Provided entries:
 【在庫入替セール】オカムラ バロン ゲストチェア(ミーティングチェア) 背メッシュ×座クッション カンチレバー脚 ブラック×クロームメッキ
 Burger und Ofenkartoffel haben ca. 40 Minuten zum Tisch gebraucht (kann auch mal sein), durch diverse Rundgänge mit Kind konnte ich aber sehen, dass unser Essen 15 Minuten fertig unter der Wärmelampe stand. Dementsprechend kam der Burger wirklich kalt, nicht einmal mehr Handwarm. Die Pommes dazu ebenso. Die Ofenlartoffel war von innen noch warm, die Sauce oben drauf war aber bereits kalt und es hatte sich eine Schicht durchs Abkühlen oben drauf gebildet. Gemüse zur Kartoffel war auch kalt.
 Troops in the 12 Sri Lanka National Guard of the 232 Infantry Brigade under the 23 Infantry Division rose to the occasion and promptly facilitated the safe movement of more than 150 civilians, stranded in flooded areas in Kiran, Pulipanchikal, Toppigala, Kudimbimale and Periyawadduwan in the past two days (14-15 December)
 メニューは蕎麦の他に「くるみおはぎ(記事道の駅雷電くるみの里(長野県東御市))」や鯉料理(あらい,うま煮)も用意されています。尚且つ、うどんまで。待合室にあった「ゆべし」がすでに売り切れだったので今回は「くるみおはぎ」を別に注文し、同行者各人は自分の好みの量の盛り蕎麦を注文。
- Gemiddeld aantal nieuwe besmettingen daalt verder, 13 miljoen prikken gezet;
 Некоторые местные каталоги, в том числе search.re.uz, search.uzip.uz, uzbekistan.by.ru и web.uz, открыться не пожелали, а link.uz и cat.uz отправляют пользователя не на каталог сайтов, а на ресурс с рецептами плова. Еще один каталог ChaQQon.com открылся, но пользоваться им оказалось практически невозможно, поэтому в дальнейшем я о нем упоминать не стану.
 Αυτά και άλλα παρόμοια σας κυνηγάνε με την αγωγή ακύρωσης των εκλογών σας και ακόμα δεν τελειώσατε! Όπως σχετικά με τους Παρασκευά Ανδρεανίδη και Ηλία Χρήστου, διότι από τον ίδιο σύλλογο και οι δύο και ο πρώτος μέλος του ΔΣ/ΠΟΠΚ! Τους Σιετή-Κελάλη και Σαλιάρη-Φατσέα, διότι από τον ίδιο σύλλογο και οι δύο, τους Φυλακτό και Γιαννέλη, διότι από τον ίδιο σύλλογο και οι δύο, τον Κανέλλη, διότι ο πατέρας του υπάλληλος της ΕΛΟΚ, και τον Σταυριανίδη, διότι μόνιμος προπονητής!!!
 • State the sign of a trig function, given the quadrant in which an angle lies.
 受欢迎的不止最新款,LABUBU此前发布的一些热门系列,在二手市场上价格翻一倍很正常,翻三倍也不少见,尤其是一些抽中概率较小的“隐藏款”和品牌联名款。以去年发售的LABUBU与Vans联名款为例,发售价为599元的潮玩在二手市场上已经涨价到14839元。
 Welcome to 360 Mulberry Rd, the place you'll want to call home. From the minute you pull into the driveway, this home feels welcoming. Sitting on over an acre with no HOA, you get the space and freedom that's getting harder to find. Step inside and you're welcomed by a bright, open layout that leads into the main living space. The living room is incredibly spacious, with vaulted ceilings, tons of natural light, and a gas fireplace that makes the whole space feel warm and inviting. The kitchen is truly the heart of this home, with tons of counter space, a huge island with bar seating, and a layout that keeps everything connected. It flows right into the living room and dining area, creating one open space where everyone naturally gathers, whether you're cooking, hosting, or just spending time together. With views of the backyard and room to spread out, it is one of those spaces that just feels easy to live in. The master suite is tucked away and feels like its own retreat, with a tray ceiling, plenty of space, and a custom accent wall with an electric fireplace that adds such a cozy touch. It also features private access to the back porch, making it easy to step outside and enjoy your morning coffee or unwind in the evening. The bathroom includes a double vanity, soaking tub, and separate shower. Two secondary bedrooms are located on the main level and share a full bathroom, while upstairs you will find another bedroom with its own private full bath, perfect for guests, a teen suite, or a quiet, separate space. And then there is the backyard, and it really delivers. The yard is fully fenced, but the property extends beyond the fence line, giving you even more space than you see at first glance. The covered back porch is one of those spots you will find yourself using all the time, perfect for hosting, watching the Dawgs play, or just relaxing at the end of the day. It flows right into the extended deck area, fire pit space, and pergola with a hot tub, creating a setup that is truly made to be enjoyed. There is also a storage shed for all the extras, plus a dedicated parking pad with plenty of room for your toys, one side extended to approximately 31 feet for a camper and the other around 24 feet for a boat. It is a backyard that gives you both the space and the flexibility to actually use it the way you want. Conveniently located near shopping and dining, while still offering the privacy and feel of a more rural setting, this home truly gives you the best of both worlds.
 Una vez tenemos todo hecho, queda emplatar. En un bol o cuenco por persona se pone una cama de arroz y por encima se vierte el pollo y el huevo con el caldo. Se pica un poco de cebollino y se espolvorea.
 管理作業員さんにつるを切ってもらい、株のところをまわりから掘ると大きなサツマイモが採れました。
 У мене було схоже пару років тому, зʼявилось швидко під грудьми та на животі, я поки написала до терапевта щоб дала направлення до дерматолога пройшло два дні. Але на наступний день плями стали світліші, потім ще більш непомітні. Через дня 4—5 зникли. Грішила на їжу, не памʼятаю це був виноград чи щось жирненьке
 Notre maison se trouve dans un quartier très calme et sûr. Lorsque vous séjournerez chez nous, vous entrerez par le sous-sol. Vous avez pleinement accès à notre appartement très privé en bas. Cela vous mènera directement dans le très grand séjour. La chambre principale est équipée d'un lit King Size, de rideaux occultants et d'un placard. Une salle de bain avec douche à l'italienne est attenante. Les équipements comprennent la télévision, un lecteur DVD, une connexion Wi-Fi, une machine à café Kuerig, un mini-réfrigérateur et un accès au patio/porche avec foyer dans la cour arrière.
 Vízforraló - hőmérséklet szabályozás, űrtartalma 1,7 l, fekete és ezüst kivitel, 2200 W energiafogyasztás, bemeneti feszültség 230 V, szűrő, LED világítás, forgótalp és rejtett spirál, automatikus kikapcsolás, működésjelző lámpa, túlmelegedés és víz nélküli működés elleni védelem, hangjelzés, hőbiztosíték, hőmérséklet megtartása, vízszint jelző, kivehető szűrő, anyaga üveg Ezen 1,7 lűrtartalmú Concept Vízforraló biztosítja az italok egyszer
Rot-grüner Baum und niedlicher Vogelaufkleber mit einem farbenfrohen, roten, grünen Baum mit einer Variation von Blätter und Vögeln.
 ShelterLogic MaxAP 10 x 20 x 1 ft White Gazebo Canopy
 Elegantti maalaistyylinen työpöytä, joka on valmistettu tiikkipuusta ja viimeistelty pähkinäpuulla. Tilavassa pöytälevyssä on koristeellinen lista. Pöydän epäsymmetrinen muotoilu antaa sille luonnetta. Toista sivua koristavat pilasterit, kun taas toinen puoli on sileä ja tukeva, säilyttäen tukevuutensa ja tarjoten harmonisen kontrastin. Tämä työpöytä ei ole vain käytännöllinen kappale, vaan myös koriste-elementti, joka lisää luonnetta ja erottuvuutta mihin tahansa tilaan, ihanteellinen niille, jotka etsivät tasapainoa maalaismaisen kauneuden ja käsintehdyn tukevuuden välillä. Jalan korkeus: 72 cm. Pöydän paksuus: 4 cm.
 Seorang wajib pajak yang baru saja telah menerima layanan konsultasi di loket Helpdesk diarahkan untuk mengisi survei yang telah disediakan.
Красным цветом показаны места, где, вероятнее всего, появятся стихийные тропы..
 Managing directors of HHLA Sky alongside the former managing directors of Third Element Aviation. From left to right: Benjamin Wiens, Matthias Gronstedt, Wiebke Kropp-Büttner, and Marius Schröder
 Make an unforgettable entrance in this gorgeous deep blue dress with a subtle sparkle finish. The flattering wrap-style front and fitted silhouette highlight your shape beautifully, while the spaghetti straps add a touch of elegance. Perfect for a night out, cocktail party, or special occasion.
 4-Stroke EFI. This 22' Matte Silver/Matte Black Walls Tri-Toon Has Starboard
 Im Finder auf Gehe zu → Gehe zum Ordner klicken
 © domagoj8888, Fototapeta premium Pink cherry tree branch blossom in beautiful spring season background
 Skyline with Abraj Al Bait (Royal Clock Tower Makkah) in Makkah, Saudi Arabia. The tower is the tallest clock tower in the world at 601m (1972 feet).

Assignment: The response is the exact set of lines from the one holding "Красным цветом показаны" through the last line of the material.

Task result:
Красным цветом показаны места, где, вероятнее всего, появятся стихийные тропы..
 Managing directors of HHLA Sky alongside the former managing directors of Third Element Aviation. From left to right: Benjamin Wiens, Matthias Gronstedt, Wiebke Kropp-Büttner, and Marius Schröder
 Make an unforgettable entrance in this gorgeous deep blue dress with a subtle sparkle finish. The flattering wrap-style front and fitted silhouette highlight your shape beautifully, while the spaghetti straps add a touch of elegance. Perfect for a night out, cocktail party, or special occasion.
 4-Stroke EFI. This 22' Matte Silver/Matte Black Walls Tri-Toon Has Starboard
 Im Finder auf Gehe zu → Gehe zum Ordner klicken
 © domagoj8888, Fototapeta premium Pink cherry tree branch blossom in beautiful spring season background
 Skyline with Abraj Al Bait (Royal Clock Tower Makkah) in Makkah, Saudi Arabia. The tower is the tallest clock tower in the world at 601m (1972 feet).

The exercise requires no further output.